**TASK DETAILS**:
Every record below should be transcribed exactly. Omit the images.

- - - -

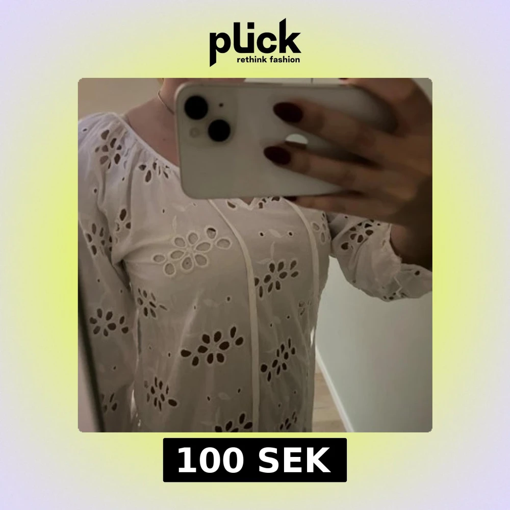 Säljer en söt vit blus med fina blomdetaljer fram och bak på blusen!
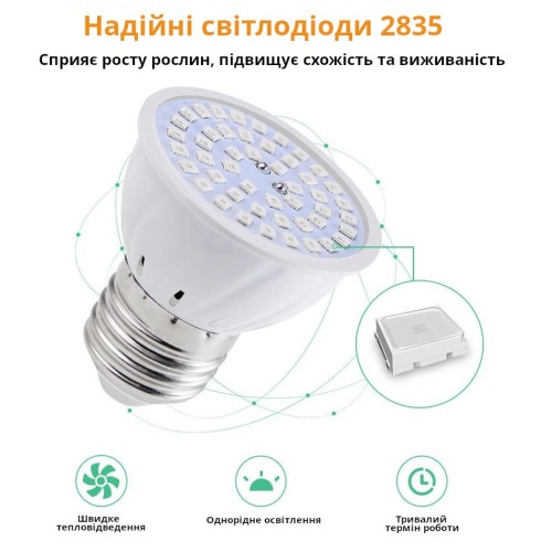 Фитолампа не имеет защиты от воды, поэтому она не подходит для помещений с высокой влажностью. Лампа обладает компактным корпусом и легко устанавливается в стандартный патрон E27. Рекомендуется использовать в светильниках, обеспечивающих пассивный отвод тепла.
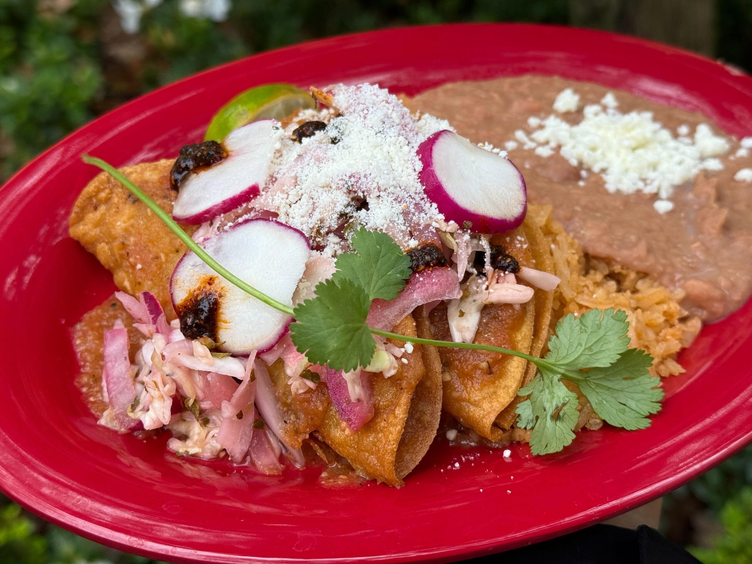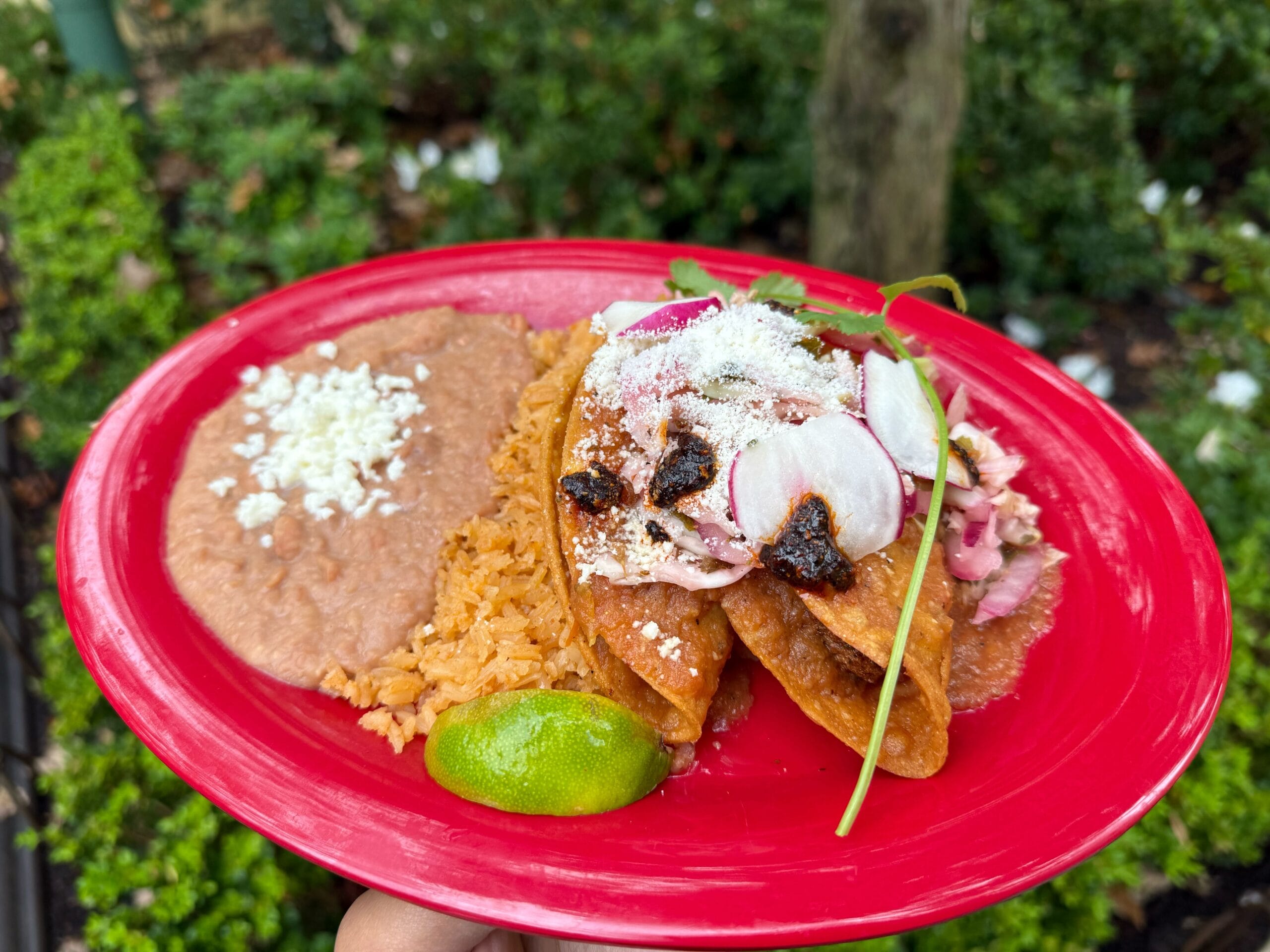 Two shrimp tacos fried to a golden brown topped with zesty slaw, salsa roja, salsa macha, and crema served with Spanish rice and refried beans
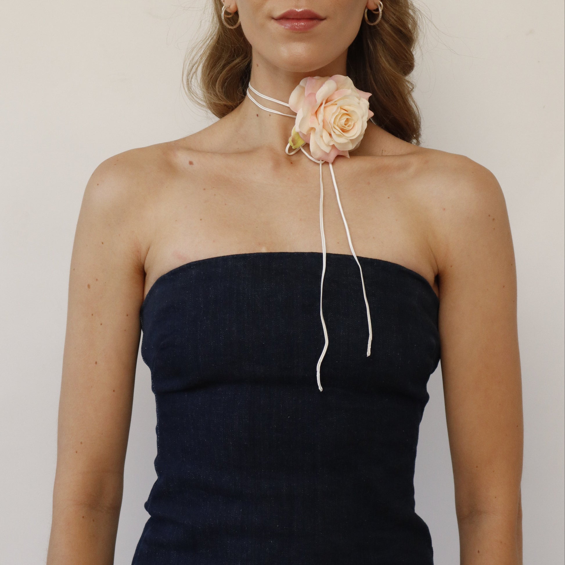 Handmade multifunctional floral cord with a pink rose and a silk cord of your choice.
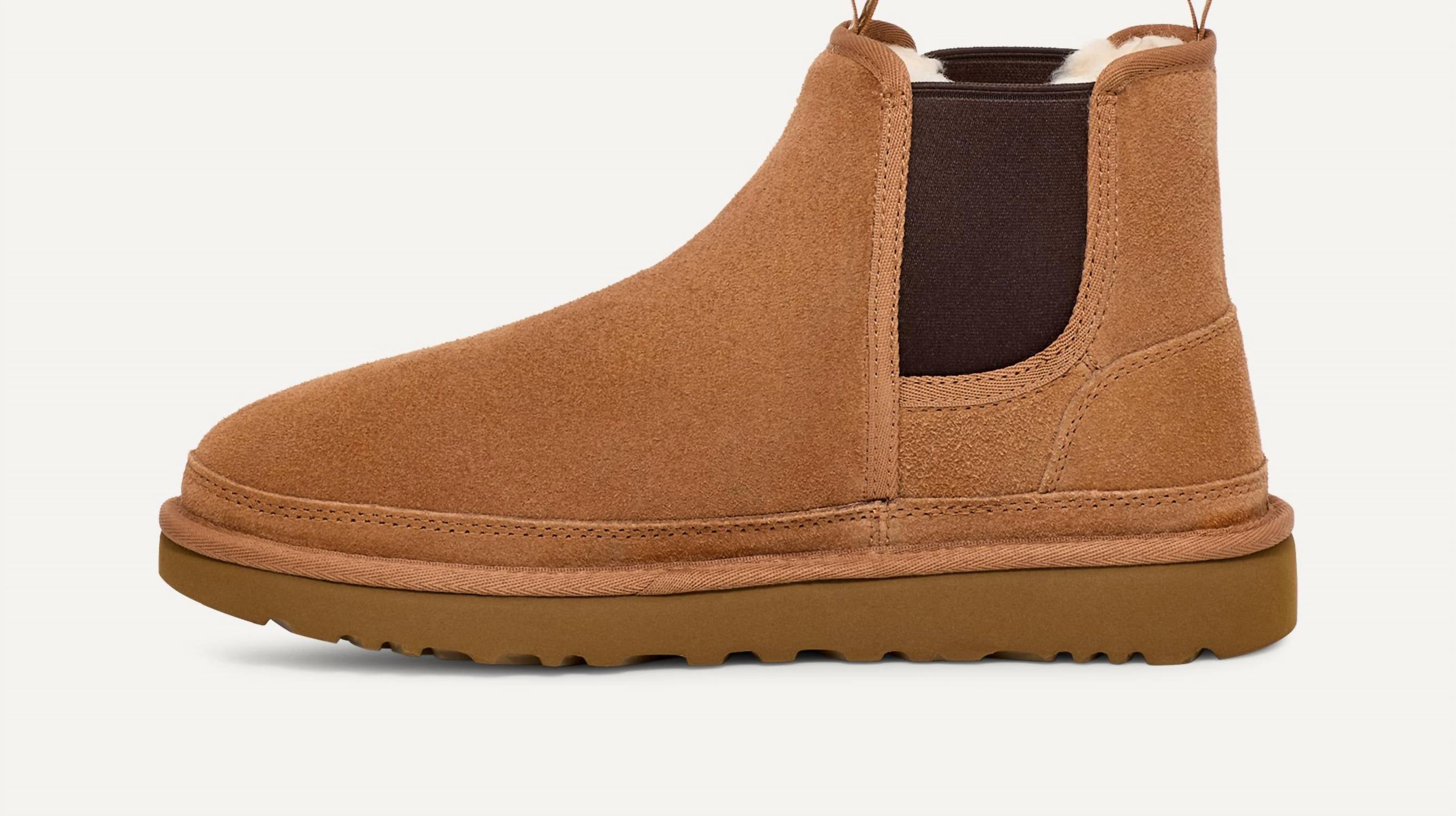 Adapting our timeless chukka silhouette with twin gore for easy entry and a refined finish, the Neumel Chelsea combines premium materials and effortless style. Made of rich suede, it's lined in our UGGplush™ wool blend and finished with a durable outsole – offering lightweight comfort and a flexible feel wherever you go.Item No. 1121644Suede upperElastic gore, Front pull tab, Rear pull tab, UGGbraid made with 100% recycled polyester fibers17mm UGGplush™ 80% upcycled wool, 20% TENCEL™ Lyocell lining or 17mm UGGplush™ 60% upcycled wool, 40% TENCEL™ Lyocell lining17mm UGGplush™ 80% upcycled wool, 20% TENCEL™ Lyocell sockliner or 17mm UGGplush™ 60% upcycled wool, 40% TENCEL™ Lyocell socklinerFoam footbedSugarcane EVA outsole or Treadlite by UGG™ EVA outsoleTextile binding made from 100% recycled polyester fibersHeat-embossed UGG® logoRN 88276
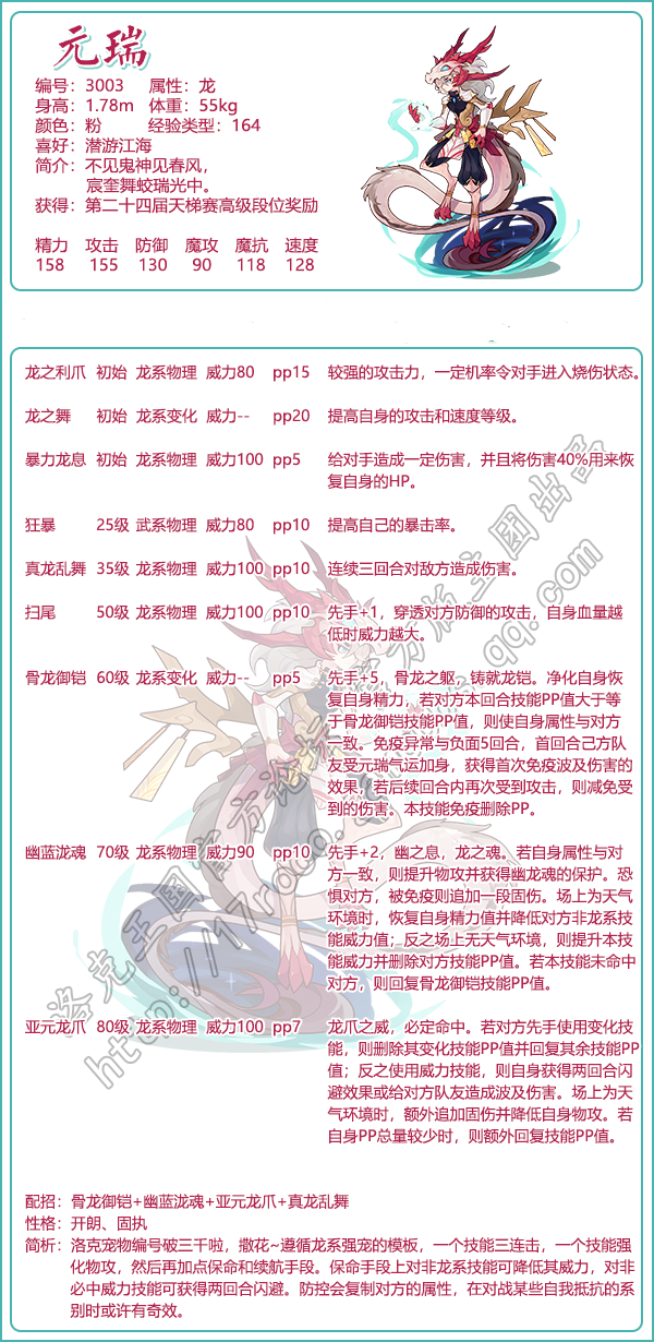 元瑞:获取方法 | 技能表 | 性格推荐 | 技能配招 | 亲密度加点
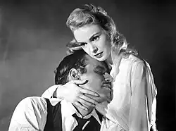 Leigh began 1949 with the thriller Act of Violence (1949) opposite Van Heflin and Robert Ryan, directed by Fred Zinnemann. Though a financial failure, it was well received by critics.[27] She also had a significant hit with MGM's version of Little Women, based on the novel by Louisa May Alcott, in which she portrayed Meg March, alongside June Allyson and Elizabeth Taylor.[28] The film was also generally praised by critics.[28] Then Leigh appeared as a nun in the anti-communist drama The Red Danube, which earned her critical acclaim,[29] followed by a role as Glenn Ford's love interest in The Doctor and the Girl.[30] Other credits from 1949 include the role of June Forsyte in That Forsyte Woman (1949), opposite Greer Garson and Errol Flynn, and as Robert Mitchum's leading co-star in the RKO-produced Holiday Affair (1949).[31]
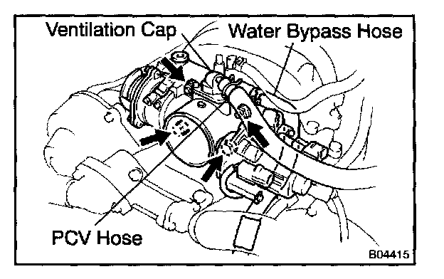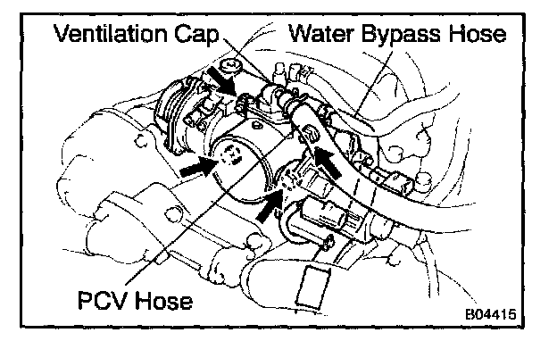 b. Disconnect the PCV hose and water bypass hose from the throttle body.
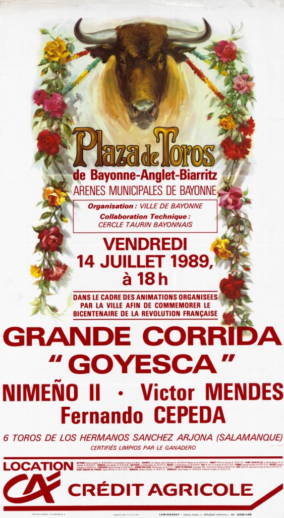 | Resumen: | Texto en Castellano y francés Ganaderia Hnos. Sánchez Arjona. Ilustración de la cabeza de unmorlaco adornado por unas orlas de flores. Conmemoración del segundo centenario de la revolución francesa. Anuncio publicitario en la parte inferior. Colabaration Cercle Taurin Bayonnais |

- - - -

**ANSWER FOR THIS EXERCISE**:
 Säljer en söt vit blus med fina blomdetaljer fram och bak på blusen!
 Фитолампа не имеет защиты от воды, поэтому она не подходит для помещений с высокой влажностью. Лампа обладает компактным корпусом и легко устанавливается в стандартный патрон E27. Рекомендуется использовать в светильниках, обеспечивающих пассивный отвод тепла.
 Two shrimp tacos fried to a golden brown topped with zesty slaw, salsa roja, salsa macha, and crema served with Spanish rice and refried beans
 Handmade multifunctional floral cord with a pink rose and a silk cord of your choice.
 Adapting our timeless chukka silhouette with twin gore for easy entry and a refined finish, the Neumel Chelsea combines premium materials and effortless style. Made of rich suede, it's lined in our UGGplush™ wool blend and finished with a durable outsole – offering lightweight comfort and a flexible feel wherever you go.Item No. 1121644Suede upperElastic gore, Front pull tab, Rear pull tab, UGGbraid made with 100% recycled polyester fibers17mm UGGplush™ 80% upcycled wool, 20% TENCEL™ Lyocell lining or 17mm UGGplush™ 60% upcycled wool, 40% TENCEL™ Lyocell lining17mm UGGplush™ 80% upcycled wool, 20% TENCEL™ Lyocell sockliner or 17mm UGGplush™ 60% upcycled wool, 40% TENCEL™ Lyocell socklinerFoam footbedSugarcane EVA outsole or Treadlite by UGG™ EVA outsoleTextile binding made from 100% recycled polyester fibersHeat-embossed UGG® logoRN 88276
 元瑞:获取方法 | 技能表 | 性格推荐 | 技能配招 | 亲密度加点
 Leigh began 1949 with the thriller Act of Violence (1949) opposite Van Heflin and Robert Ryan, directed by Fred Zinnemann. Though a financial failure, it was well received by critics.[27] She also had a significant hit with MGM's version of Little Women, based on the novel by Louisa May Alcott, in which she portrayed Meg March, alongside June Allyson and Elizabeth Taylor.[28] The film was also generally praised by critics.[28] Then Leigh appeared as a nun in the anti-communist drama The Red Danube, which earned her critical acclaim,[29] followed by a role as Glenn Ford's love interest in The Doctor and the Girl.[30] Other credits from 1949 include the role of June Forsyte in That Forsyte Woman (1949), opposite Greer Garson and Errol Flynn, and as Robert Mitchum's leading co-star in the RKO-produced Holiday Affair (1949).[31]
 b. Disconnect the PCV hose and water bypass hose from the throttle body.
 | Resumen: | Texto en Castellano y francés Ganaderia Hnos. Sánchez Arjona. Ilustración de la cabeza de unmorlaco adornado por unas orlas de flores. Conmemoración del segundo centenario de la revolución francesa. Anuncio publicitario en la parte inferior. Colabaration Cercle Taurin Bayonnais |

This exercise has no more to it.